Дней через семь я увидел в окно Вальку. Она шла по дороге от вокзала к Зеленому базару, шла, сгибаясь под тяжестью кошелок. Около нее вышагивал какой-то парень — высокий, вихрастый. Он нес на плече мешок.
— Валька! — крикнул я в форточку — Валька!
Валька остановилась. Несколько секунд смотрела на меня, ничего не понимая, потом спустила наземь кошелки и помчалась ко мне.
— Господи! — воскликнула она. — Заболел?
— Это я так, — успокоил я. — Военная хитрость.
— А-а… — Валька поняла. — Вона что! — Она оглянулась на парня. — Я сей момент.
— Кто это? — спросил я с неприязнью к парню.
— А тебе что? — Валька поправила платок.
— Погоди.
— Некогда мне годить. Поезд сегодня на четыре часа опоздал. Зеленый базар шумить небось.
— Вечером придешь?
Валька отвернулась.
— Вечером придешь? — повторил я.
Валька молчала.
— Придешь или нет, слышишь? — едва не крикнул я
— Зачем?
Валька усмехнулась и, не попрощавшись, ушла. А я стал ходить по коридору, как зверь в клетке. Если бы у меня были шмотки, я немедленно выписался бы или, не выписываясь, ушел бы отсюда. Оделся бы — и до свидания, только меня и видели!
Весь день я думал о Вальке. А вечером после ужина вылез в окно. Я бежал по улице, и полы халата развевались. Шлепанцы соскальзывали с ног.
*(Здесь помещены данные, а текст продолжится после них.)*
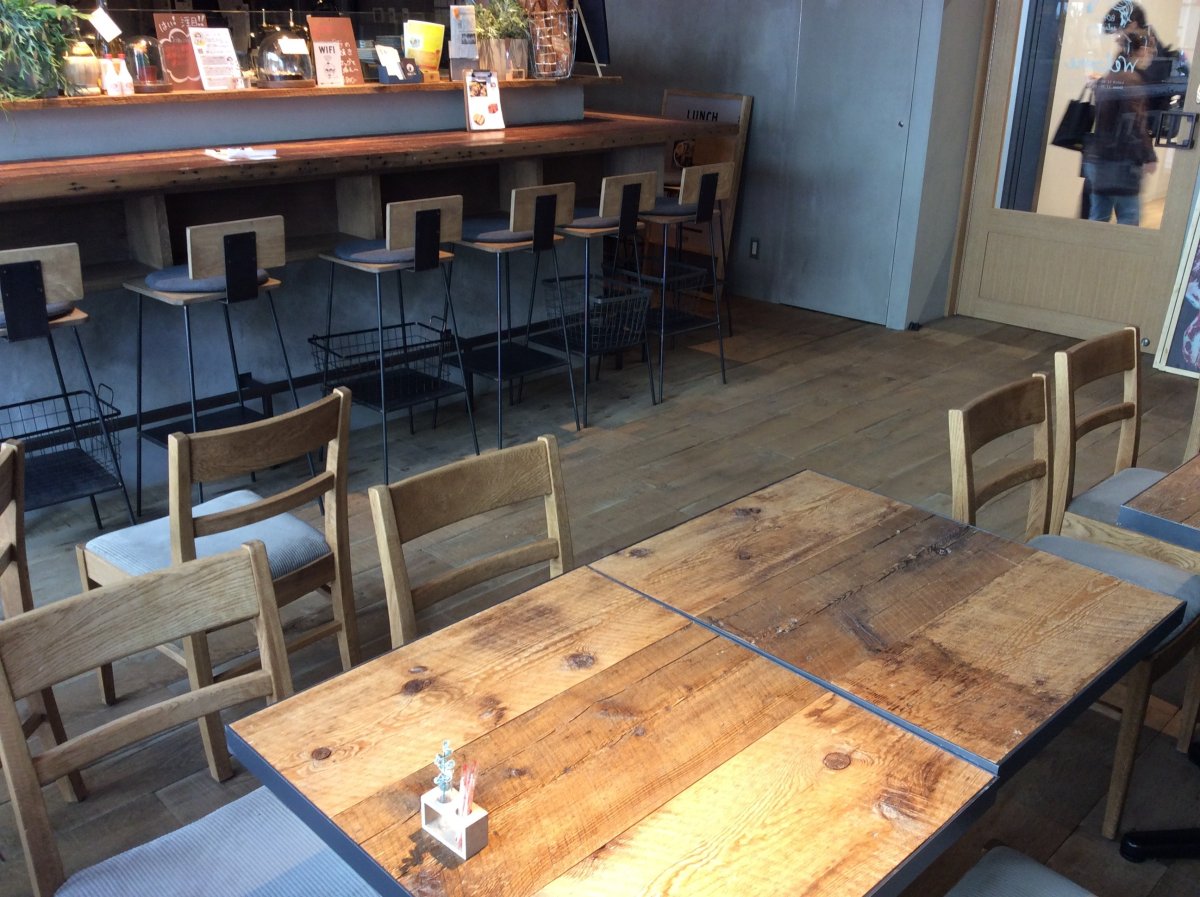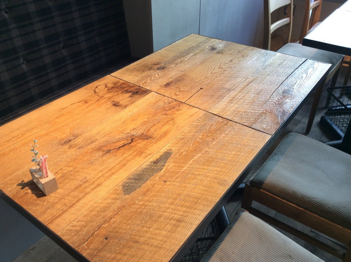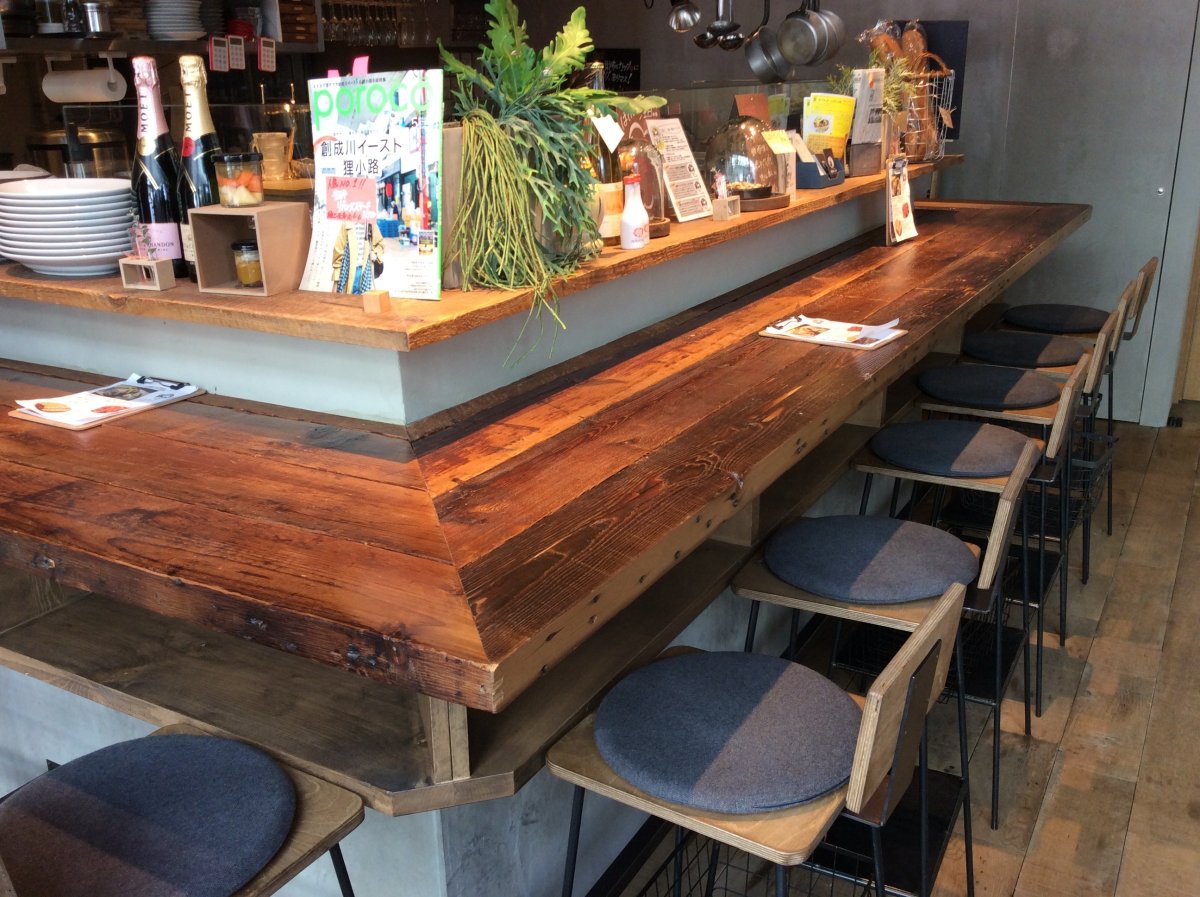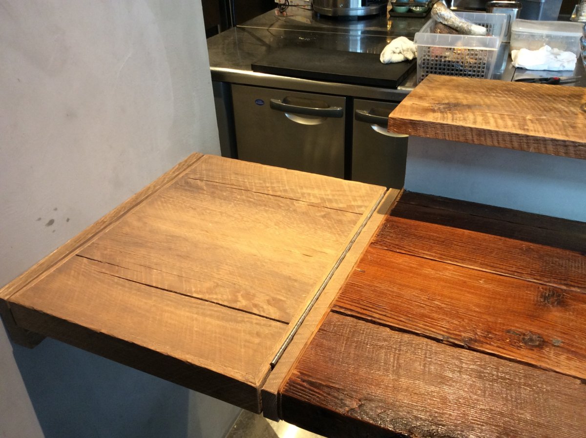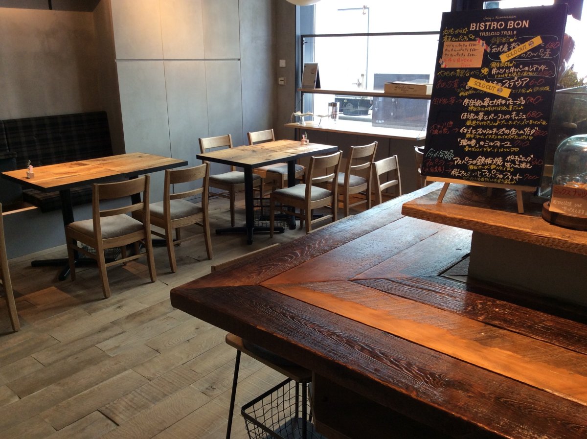 こちらの1階、「大衆ビストロ BON」には当グループの人気シリーズ輸入古材板代表USボード(2インチタイプ)&「USボード(バーンウッド) ブラウンタイプ」幅広プレミアムをご採用いただきました。使用箇所はカウンター天板やテーブル天板になります。

Прохожие шарахались, словно от черта, даже вскрикивали. А я, шлепая по лужам, думал: «Только бы на милицию не напороться».
Запыхавшись, распахнул дверь дома тетки Ульяны.
— Прибег? — спросила Валька, подымаясь из-за стола.
Я слова не мог выговорить.
— Я знала — прибегишь. Зачем же ты прибег?
— Объясниться, — наконец выговорил я.
В соседней комнате скрипнули пружины.
— Кого бог принес? — сонно спросила тетка Ульяна.
Валька приоткрыла дверь:
— Спи, спи… Это Жорка прибег.
— А-а, — отозвалась тетка Ульяна. — Чего ж он так поздно?
— Спи, спи, — повторила Валька и обернулась ко мне. — Гутарь, коли прибег.
— Не тут, — сказал я.
Мы вышли во двор. Было прохладно. В порту кричали буксиры — жалобно и тягуче. Сквозь оголенные ветки с уже набухшими почками виднелся лунный диск — холодный, как льдышка. Земля на дворе была в лунных бликах. Пахло сыростью.
— К дождю, — сказала Валька.
Она куталась в платок, а я стоял перед ней в халате нараспашку.
— Валька… — сказал я и потянулся к ней.
Она уперлась мне в грудь кулаком:
— Ты же гутарить прибег. Вот и гутарь.
— Валька, — пробормотал я. — Валька… Я люблю тебя.
— А!.. — Она махнула рукой. — Опостылели мне — не смотрела бы!
— И я?
— И ты.
— Но я тебя, честное слово, люблю.
— Хорошо гутаришь, да плохо делаешь. Я тебя еще когда упреждала — легко живешь. Зеленый ты! — Валька отвернулась.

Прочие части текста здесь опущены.